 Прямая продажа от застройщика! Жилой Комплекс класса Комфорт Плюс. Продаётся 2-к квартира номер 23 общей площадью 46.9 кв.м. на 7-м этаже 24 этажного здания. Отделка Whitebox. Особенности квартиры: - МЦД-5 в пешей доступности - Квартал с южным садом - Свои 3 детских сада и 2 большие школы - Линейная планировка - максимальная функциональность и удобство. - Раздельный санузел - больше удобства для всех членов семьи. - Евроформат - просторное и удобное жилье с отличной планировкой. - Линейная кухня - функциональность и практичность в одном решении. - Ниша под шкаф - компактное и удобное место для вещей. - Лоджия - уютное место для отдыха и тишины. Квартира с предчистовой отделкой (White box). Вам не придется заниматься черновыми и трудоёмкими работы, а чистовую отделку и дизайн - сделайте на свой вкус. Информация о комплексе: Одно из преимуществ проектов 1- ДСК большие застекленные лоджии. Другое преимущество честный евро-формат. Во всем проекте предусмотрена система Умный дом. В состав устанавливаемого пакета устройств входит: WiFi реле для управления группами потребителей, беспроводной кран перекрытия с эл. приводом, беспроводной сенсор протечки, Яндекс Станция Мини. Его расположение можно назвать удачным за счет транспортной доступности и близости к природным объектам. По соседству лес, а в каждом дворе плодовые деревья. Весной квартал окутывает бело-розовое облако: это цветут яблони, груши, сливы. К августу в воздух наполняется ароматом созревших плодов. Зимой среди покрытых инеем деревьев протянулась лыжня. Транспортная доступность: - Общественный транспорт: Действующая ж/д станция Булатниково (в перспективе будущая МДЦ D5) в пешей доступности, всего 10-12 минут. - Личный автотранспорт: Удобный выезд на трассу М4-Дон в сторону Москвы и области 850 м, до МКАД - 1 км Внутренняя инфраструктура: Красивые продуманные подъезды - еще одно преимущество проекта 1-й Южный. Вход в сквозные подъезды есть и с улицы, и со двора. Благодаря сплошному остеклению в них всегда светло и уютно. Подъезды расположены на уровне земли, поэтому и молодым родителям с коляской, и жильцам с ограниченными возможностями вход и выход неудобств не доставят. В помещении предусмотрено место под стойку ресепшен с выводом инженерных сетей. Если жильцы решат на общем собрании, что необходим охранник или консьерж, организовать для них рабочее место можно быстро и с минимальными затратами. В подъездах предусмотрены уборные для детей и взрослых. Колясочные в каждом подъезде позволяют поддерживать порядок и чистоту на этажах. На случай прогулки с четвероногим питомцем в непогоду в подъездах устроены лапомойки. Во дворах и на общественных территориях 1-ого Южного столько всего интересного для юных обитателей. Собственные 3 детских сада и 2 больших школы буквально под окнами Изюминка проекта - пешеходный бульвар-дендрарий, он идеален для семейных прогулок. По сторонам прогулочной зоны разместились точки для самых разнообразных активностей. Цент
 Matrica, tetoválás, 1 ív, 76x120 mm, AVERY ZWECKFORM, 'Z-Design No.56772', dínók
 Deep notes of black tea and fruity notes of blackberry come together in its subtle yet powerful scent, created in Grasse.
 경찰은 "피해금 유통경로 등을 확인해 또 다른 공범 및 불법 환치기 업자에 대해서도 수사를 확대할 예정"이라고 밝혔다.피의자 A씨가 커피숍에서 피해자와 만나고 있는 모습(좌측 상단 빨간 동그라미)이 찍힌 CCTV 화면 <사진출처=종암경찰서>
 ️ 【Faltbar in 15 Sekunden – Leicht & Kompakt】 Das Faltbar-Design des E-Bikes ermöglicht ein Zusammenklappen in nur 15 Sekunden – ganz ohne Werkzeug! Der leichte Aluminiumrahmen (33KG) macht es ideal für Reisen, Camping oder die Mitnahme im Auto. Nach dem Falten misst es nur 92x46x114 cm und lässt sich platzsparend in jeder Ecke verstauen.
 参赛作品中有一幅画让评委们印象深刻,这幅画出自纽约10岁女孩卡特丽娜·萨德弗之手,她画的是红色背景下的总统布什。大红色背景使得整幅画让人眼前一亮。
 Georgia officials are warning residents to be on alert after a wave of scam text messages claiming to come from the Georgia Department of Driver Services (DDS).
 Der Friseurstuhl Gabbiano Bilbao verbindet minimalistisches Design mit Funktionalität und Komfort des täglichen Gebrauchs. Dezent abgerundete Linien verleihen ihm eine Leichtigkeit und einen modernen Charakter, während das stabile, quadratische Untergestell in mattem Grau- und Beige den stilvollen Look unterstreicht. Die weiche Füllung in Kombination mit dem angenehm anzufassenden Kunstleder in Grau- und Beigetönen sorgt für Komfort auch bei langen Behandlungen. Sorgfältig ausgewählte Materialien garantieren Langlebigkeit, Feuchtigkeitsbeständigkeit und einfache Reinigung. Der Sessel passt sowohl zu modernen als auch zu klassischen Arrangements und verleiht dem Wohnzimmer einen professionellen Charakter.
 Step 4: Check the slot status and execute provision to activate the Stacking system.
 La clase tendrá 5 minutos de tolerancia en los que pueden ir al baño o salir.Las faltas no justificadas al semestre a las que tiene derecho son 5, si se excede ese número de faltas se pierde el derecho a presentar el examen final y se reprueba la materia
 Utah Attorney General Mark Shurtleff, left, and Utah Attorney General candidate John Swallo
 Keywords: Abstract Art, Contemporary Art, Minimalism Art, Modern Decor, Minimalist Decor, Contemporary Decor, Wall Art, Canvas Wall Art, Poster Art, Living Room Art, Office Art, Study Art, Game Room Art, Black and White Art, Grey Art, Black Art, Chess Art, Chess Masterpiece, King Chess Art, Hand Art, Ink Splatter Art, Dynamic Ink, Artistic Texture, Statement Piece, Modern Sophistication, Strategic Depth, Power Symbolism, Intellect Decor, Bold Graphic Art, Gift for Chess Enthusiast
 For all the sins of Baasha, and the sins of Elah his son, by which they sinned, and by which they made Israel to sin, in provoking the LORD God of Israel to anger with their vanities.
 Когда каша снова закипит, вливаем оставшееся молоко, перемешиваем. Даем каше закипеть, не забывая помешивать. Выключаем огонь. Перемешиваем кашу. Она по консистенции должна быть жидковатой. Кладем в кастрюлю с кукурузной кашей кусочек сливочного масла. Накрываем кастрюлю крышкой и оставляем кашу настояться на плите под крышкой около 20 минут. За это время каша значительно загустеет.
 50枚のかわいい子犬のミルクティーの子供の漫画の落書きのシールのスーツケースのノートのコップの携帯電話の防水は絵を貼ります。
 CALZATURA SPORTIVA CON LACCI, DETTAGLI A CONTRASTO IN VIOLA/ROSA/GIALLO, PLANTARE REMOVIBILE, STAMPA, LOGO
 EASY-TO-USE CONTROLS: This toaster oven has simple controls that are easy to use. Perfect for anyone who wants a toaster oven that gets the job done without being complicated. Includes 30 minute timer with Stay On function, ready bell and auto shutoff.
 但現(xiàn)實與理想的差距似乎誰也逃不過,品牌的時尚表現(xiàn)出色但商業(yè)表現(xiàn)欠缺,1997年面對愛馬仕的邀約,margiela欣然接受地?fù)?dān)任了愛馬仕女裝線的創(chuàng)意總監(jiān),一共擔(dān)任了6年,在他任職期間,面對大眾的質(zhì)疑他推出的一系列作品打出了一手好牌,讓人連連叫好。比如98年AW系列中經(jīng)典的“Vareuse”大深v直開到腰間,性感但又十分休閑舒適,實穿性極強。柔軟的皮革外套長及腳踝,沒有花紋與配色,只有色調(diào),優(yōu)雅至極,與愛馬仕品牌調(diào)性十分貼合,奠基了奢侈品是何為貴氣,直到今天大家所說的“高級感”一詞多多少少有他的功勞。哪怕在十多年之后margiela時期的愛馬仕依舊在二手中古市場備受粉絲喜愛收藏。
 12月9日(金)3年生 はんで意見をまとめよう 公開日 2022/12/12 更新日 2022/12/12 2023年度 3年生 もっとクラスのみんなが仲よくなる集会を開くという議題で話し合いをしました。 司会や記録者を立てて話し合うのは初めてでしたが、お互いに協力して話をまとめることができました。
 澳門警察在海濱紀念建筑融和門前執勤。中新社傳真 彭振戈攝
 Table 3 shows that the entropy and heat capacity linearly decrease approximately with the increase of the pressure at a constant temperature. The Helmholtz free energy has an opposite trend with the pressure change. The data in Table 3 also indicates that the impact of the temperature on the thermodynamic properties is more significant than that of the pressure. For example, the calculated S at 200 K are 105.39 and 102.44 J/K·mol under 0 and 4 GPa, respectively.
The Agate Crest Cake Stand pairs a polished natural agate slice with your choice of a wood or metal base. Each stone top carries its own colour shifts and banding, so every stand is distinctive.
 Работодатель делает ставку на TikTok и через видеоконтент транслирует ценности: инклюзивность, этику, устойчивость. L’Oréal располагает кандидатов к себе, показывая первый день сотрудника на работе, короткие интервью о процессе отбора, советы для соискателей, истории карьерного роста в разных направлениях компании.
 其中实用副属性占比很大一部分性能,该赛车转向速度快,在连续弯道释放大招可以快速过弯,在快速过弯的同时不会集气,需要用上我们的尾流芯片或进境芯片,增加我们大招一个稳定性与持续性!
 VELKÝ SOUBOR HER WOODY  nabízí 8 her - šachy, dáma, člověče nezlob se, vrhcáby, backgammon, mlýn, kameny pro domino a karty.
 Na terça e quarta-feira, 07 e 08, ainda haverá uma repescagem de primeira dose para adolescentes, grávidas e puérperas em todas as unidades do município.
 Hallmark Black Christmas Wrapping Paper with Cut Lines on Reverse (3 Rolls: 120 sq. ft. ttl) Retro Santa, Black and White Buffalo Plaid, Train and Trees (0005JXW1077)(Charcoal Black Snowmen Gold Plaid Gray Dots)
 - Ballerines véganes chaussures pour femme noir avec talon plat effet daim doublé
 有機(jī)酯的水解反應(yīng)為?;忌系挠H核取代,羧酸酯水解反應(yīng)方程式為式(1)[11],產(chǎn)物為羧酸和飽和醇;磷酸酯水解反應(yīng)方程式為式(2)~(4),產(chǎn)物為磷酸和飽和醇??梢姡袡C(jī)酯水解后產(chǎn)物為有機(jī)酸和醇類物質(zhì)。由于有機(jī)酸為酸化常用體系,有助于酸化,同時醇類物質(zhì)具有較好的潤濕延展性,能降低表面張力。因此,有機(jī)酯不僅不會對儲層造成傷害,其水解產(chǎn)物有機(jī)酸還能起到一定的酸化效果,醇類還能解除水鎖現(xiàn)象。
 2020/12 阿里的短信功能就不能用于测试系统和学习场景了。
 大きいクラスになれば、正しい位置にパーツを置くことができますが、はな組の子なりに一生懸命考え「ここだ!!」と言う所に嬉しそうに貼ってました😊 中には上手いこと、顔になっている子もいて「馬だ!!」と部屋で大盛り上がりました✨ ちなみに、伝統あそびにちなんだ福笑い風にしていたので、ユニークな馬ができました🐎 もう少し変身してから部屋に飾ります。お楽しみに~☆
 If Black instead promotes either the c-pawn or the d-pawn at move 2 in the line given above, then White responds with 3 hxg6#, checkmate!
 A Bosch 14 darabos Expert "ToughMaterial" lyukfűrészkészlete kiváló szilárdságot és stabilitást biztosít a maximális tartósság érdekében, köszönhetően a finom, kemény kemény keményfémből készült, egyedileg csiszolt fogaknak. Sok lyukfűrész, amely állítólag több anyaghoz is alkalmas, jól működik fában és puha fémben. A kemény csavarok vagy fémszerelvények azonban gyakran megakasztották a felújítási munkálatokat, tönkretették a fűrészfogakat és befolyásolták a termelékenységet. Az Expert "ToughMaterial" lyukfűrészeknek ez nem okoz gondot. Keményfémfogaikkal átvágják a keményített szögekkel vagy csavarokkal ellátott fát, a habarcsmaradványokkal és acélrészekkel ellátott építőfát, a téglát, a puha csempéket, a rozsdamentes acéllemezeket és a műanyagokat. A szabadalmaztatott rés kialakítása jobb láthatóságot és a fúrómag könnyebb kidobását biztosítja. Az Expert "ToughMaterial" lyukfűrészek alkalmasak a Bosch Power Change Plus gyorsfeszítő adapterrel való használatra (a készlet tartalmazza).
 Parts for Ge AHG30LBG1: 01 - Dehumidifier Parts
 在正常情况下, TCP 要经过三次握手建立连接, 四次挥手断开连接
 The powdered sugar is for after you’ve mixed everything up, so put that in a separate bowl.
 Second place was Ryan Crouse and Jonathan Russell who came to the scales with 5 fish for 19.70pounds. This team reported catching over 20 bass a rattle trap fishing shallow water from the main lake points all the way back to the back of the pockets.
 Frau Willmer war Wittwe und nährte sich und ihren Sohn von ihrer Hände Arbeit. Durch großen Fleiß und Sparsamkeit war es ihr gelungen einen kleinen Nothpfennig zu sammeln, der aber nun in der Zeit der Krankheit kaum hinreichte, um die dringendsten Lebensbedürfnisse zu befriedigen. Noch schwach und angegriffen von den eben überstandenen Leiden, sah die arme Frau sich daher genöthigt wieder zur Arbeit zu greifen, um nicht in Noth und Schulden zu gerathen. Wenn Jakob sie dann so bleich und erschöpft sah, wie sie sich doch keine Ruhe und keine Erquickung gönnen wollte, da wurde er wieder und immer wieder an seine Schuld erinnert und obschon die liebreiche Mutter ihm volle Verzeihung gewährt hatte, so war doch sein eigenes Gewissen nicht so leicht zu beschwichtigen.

▶ EXERCISE REQUIREMENTS
Each line in the data that holds the word "after" must be copied.

▶ FINAL ANSWER
 Georgia officials are warning residents to be on alert after a wave of scam text messages claiming to come from the Georgia Department of Driver Services (DDS).
 The powdered sugar is for after you’ve mixed everything up, so put that in a separate bowl.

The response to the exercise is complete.